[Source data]
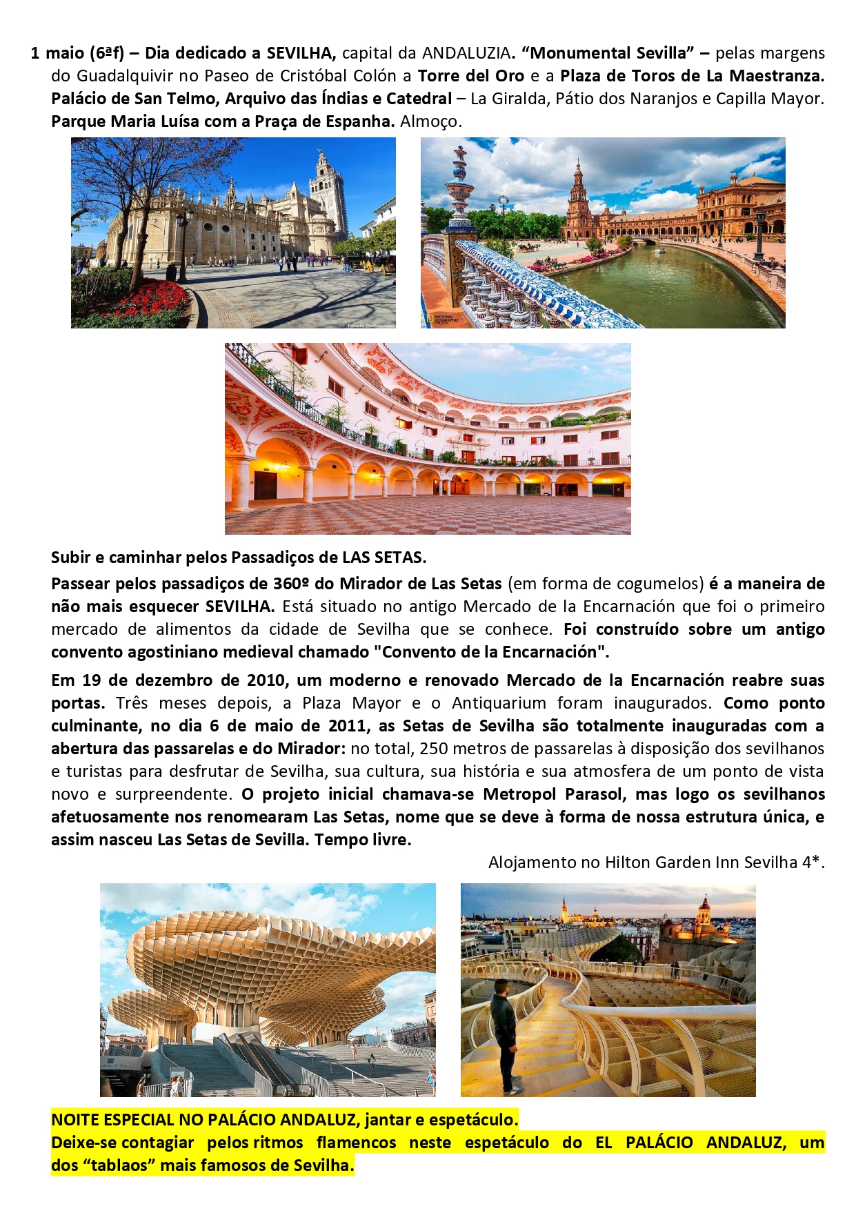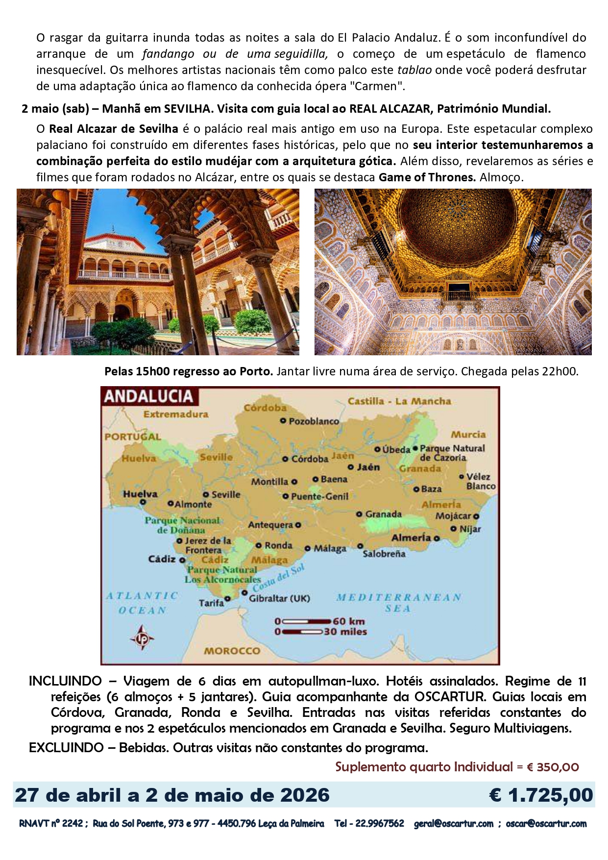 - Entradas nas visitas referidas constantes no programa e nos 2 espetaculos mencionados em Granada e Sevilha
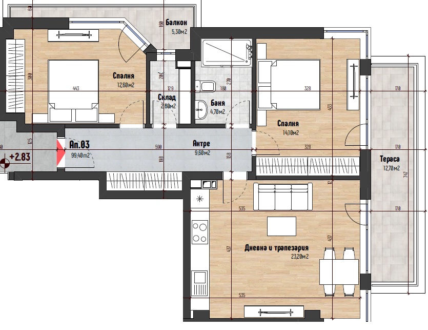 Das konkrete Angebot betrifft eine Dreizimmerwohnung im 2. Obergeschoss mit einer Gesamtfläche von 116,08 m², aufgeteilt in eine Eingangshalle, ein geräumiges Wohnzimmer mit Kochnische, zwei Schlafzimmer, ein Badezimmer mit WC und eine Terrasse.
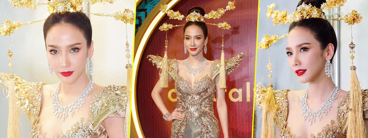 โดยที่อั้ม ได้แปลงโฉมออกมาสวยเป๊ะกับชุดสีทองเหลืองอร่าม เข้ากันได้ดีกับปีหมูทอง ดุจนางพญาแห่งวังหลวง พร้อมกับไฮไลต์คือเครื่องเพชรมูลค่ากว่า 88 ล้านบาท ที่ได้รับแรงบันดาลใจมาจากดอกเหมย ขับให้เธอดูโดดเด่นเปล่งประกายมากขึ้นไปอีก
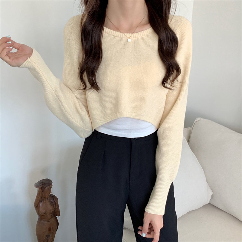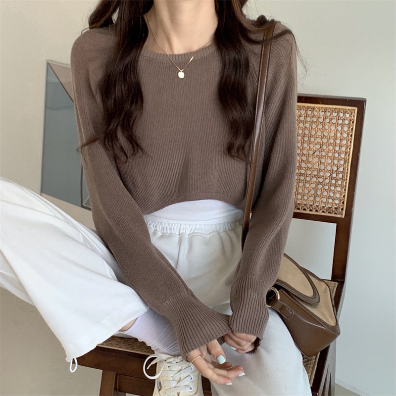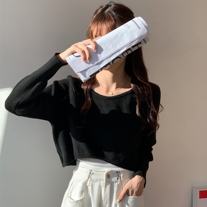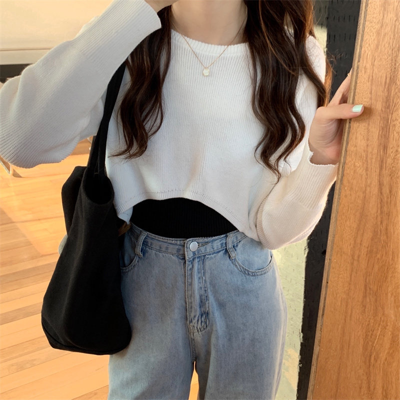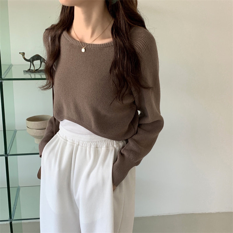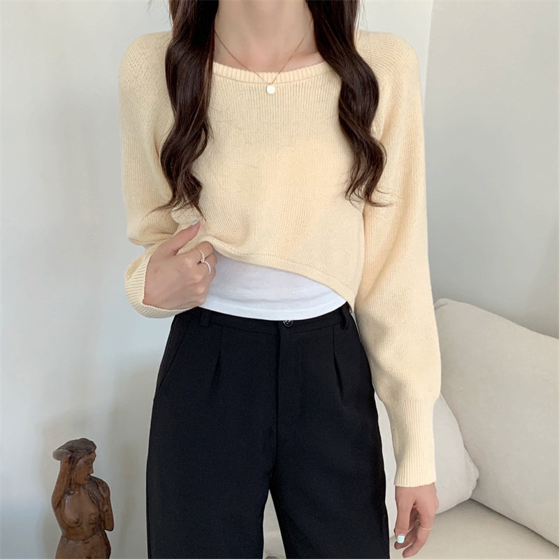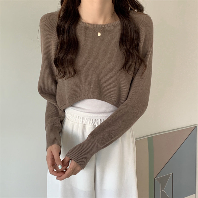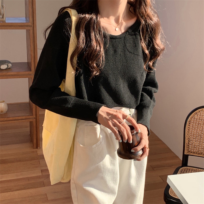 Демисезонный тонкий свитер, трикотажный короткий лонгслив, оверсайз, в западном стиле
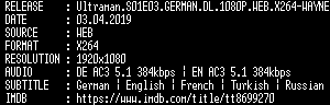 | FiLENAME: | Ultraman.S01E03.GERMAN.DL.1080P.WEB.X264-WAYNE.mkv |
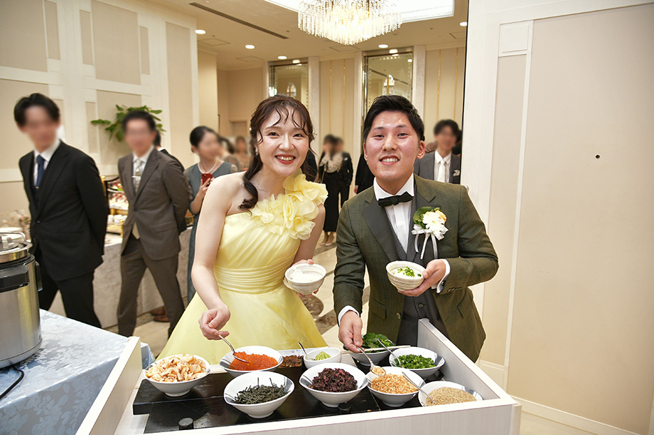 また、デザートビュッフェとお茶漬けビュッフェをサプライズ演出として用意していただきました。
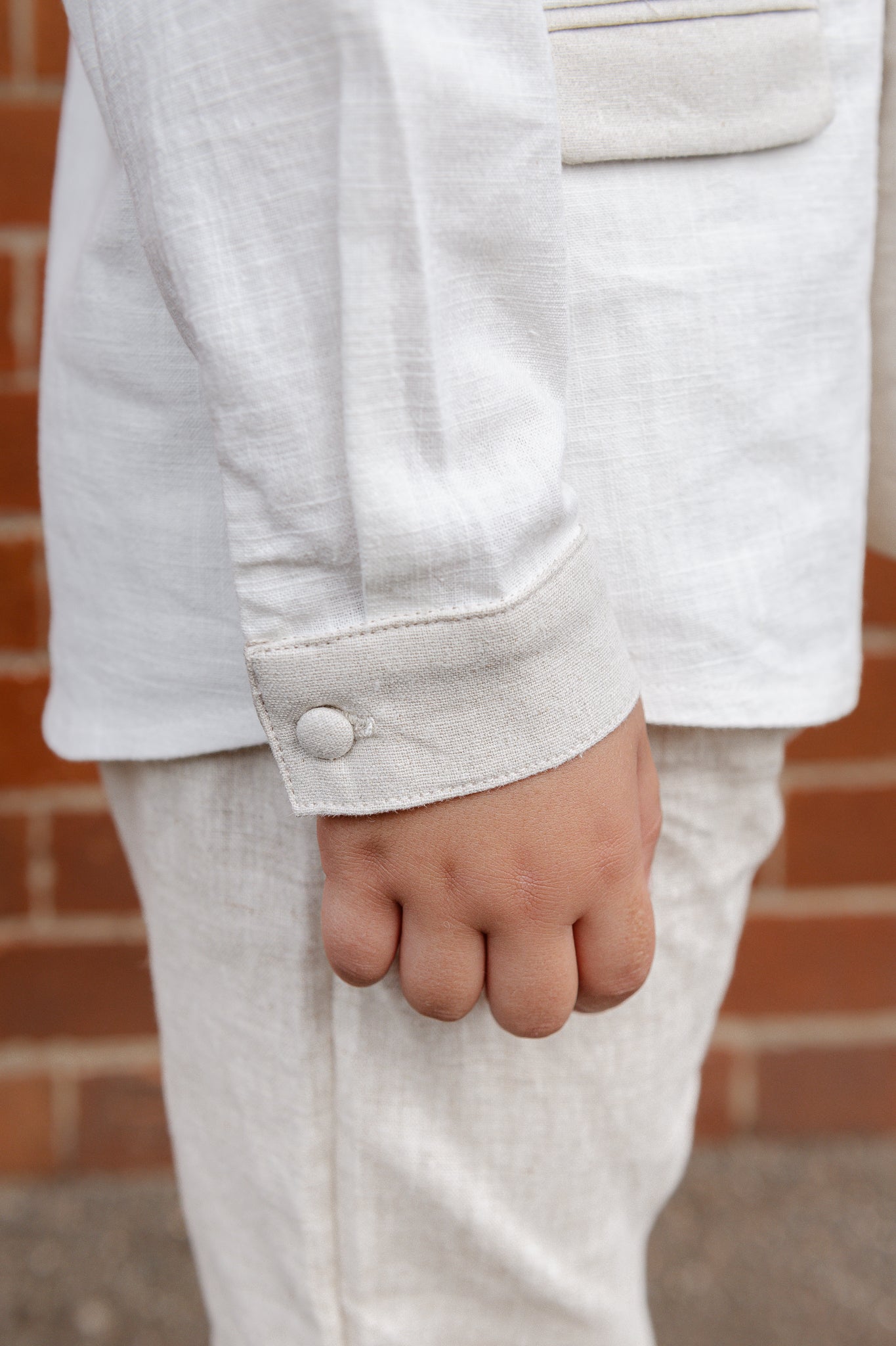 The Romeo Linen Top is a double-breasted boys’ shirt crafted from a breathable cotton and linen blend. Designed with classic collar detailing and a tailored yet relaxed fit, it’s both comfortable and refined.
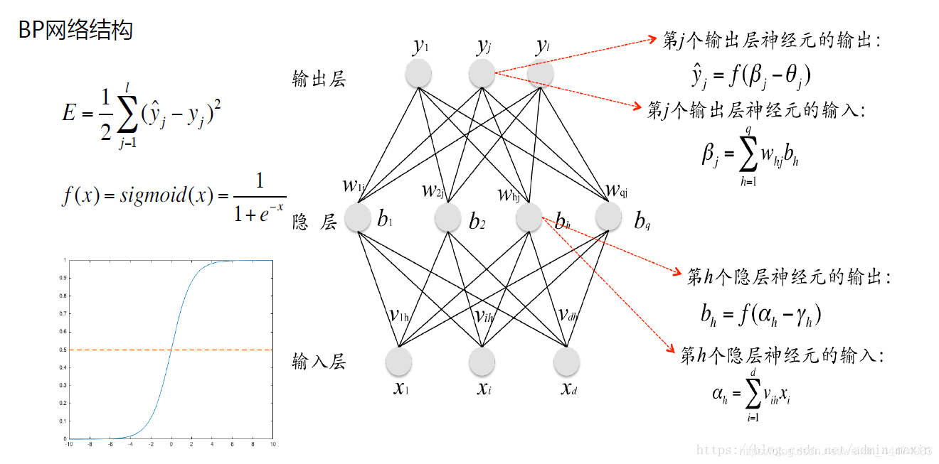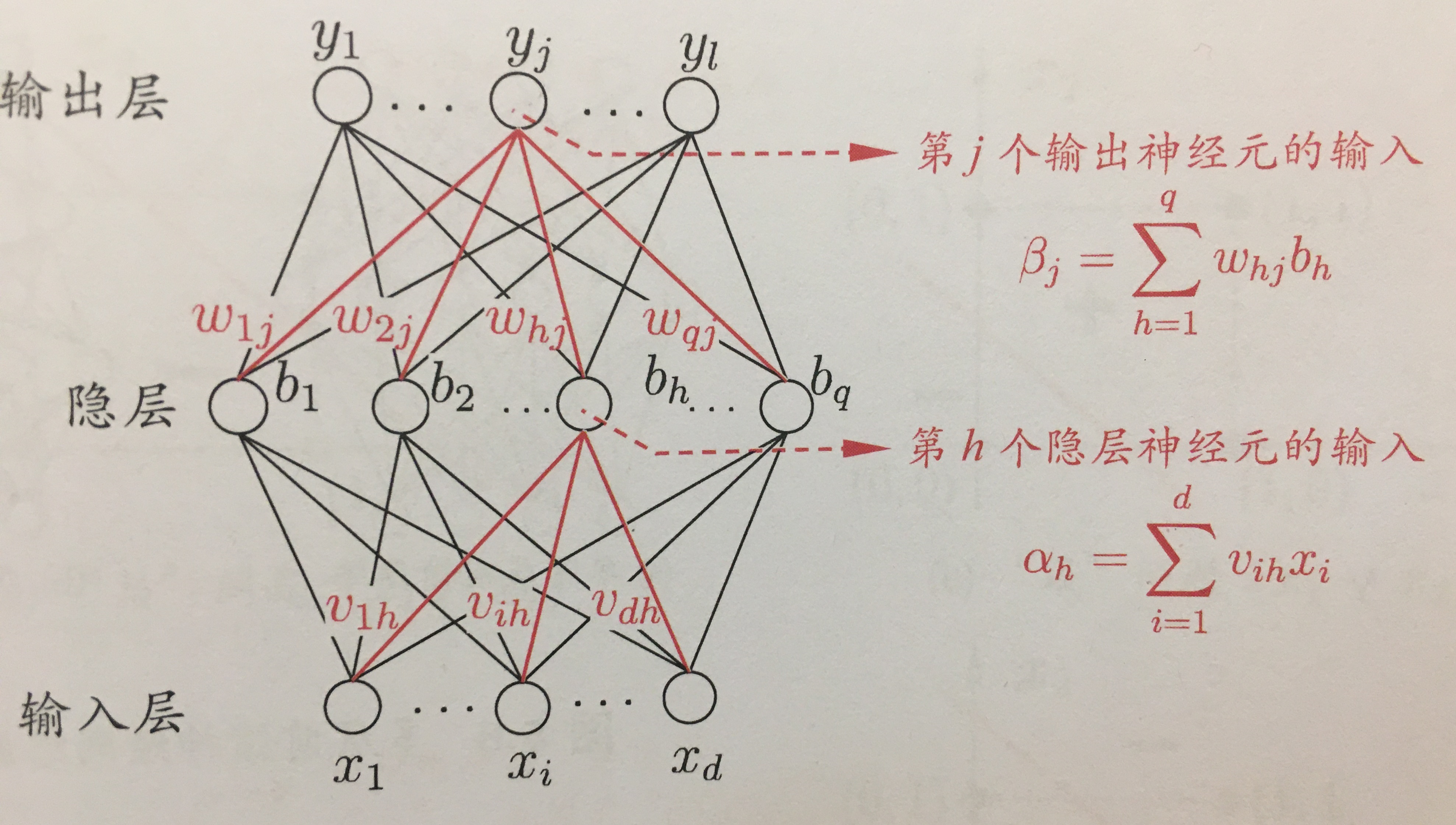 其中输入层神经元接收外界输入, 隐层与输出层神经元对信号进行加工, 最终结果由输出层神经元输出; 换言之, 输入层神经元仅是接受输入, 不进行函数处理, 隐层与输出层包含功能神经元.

Instructions to follow:
Quote verbatim every line starting at the line that contains "ดุจนางพญาแห่งวังหลวง พร้อมกับไฮไลต์คือเครื่องเพชรมูลค่ากว่า 88" and ending with the last line of the records; omit all pictures.

Response for this exercise:
 โดยที่อั้ม ได้แปลงโฉมออกมาสวยเป๊ะกับชุดสีทองเหลืองอร่าม เข้ากันได้ดีกับปีหมูทอง ดุจนางพญาแห่งวังหลวง พร้อมกับไฮไลต์คือเครื่องเพชรมูลค่ากว่า 88 ล้านบาท ที่ได้รับแรงบันดาลใจมาจากดอกเหมย ขับให้เธอดูโดดเด่นเปล่งประกายมากขึ้นไปอีก
 Демисезонный тонкий свитер, трикотажный короткий лонгслив, оверсайз, в западном стиле
 | FiLENAME: | Ultraman.S01E03.GERMAN.DL.1080P.WEB.X264-WAYNE.mkv |
 また、デザートビュッフェとお茶漬けビュッフェをサプライズ演出として用意していただきました。
 The Romeo Linen Top is a double-breasted boys’ shirt crafted from a breathable cotton and linen blend. Designed with classic collar detailing and a tailored yet relaxed fit, it’s both comfortable and refined.
 其中输入层神经元接收外界输入, 隐层与输出层神经元对信号进行加工, 最终结果由输出层神经元输出; 换言之, 输入层神经元仅是接受输入, 不进行函数处理, 隐层与输出层包含功能神经元.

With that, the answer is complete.